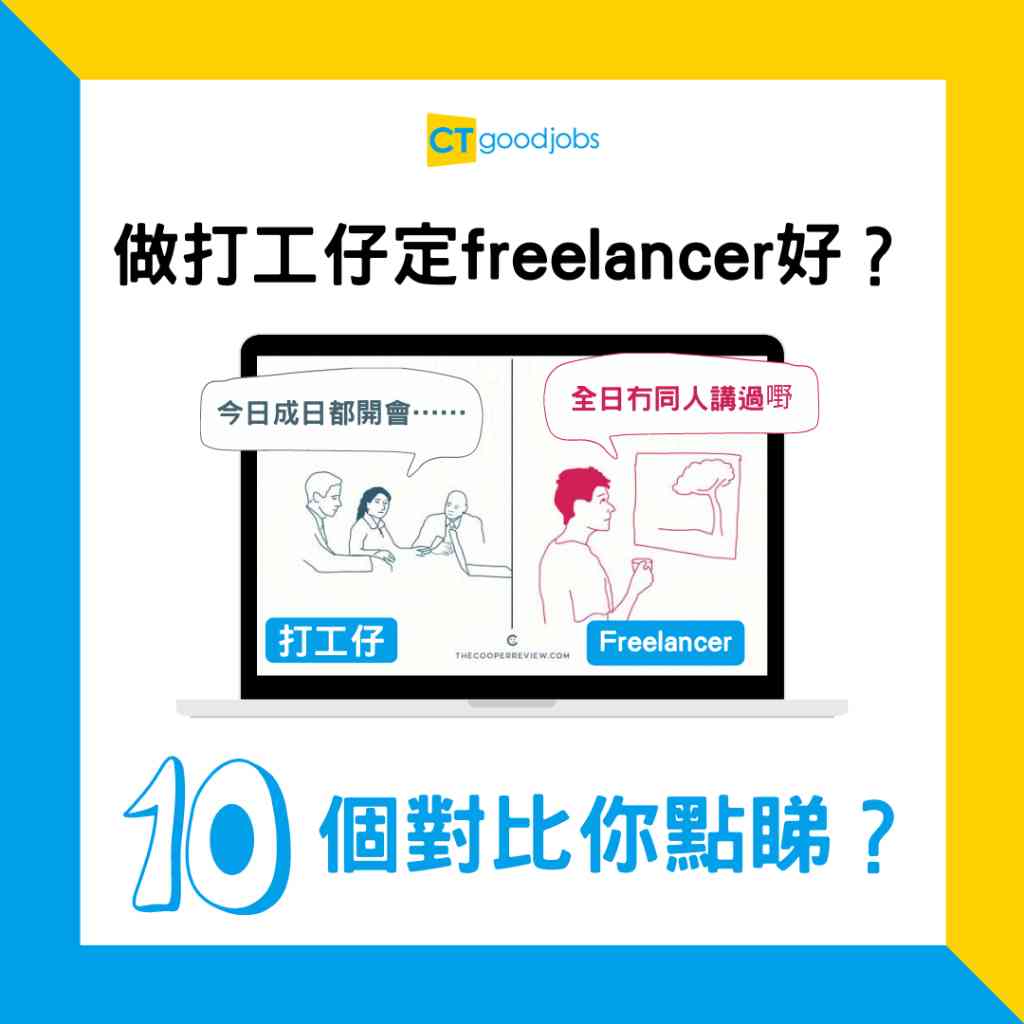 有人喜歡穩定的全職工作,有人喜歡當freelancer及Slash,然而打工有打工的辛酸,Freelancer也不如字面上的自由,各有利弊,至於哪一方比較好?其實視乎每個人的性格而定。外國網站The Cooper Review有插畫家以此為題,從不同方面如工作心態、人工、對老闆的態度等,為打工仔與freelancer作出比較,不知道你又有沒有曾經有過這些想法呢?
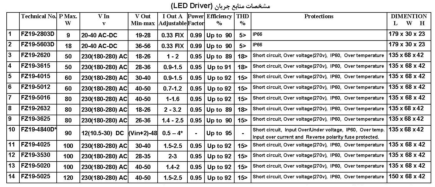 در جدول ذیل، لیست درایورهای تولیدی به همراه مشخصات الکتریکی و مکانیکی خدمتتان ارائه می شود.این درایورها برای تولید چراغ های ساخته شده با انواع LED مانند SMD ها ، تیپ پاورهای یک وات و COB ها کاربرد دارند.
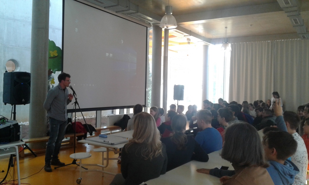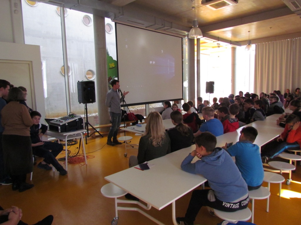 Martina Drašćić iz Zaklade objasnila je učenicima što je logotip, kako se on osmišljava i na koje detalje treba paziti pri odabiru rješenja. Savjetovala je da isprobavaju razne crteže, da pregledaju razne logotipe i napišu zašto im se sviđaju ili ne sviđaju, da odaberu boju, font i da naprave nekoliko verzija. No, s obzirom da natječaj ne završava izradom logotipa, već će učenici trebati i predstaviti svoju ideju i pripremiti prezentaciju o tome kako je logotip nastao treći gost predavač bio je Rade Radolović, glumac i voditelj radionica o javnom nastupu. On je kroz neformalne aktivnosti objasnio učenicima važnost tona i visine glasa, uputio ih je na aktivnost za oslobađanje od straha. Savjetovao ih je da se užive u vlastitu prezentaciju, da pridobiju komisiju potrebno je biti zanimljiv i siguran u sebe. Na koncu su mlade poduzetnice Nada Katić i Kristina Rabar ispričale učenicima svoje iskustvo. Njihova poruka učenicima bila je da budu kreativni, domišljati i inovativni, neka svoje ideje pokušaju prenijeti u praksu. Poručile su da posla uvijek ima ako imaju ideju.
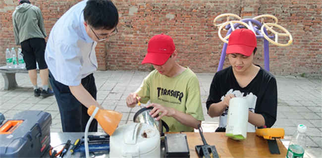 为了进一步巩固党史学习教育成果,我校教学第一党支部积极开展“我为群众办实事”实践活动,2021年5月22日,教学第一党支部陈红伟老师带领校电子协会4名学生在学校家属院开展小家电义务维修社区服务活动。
---
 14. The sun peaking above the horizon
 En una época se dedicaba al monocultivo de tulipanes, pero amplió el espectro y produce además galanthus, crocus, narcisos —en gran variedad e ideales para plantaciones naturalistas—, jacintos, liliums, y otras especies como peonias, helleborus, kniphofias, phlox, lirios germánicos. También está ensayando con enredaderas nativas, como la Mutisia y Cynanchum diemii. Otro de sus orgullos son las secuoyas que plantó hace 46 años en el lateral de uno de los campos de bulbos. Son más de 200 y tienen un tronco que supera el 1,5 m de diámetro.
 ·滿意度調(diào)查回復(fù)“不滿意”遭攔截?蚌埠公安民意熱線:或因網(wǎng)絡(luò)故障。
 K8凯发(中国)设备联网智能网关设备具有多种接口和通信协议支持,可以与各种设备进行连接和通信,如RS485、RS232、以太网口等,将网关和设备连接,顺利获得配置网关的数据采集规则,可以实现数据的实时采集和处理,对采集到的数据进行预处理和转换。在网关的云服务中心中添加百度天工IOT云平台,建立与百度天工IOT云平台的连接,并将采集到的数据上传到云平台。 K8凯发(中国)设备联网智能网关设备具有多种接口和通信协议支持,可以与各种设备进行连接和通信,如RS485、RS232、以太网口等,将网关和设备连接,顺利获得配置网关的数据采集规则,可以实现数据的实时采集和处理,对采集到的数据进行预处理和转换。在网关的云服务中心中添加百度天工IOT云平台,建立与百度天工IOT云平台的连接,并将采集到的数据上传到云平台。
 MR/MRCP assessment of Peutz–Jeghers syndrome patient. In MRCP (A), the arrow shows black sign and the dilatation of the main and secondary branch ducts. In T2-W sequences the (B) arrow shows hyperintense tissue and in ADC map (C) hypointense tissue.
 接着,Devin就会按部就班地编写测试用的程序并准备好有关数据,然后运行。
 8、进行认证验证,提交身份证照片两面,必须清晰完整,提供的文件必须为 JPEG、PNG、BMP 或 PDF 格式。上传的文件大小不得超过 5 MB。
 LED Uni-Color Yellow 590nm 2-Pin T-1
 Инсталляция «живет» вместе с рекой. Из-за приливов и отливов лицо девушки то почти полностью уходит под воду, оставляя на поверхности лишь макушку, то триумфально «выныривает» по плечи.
...
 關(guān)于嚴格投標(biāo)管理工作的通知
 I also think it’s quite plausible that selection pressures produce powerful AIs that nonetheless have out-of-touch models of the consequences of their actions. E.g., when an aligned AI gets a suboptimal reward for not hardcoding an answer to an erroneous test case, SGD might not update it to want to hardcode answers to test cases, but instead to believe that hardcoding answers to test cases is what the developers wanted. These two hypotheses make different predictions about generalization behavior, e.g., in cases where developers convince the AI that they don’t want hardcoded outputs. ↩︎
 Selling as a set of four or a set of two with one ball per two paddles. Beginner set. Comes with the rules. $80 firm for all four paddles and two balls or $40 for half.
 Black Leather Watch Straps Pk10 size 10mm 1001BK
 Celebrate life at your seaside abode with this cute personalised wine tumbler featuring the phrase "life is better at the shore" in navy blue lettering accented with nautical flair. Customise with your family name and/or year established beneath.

▸ **Action item**: Filter the listing so that only lines holding the word "with" remain, and copy those lines.

▸ **Task response**:
 Selling as a set of four or a set of two with one ball per two paddles. Beginner set. Comes with the rules. $80 firm for all four paddles and two balls or $40 for half.
 Celebrate life at your seaside abode with this cute personalised wine tumbler featuring the phrase "life is better at the shore" in navy blue lettering accented with nautical flair. Customise with your family name and/or year established beneath.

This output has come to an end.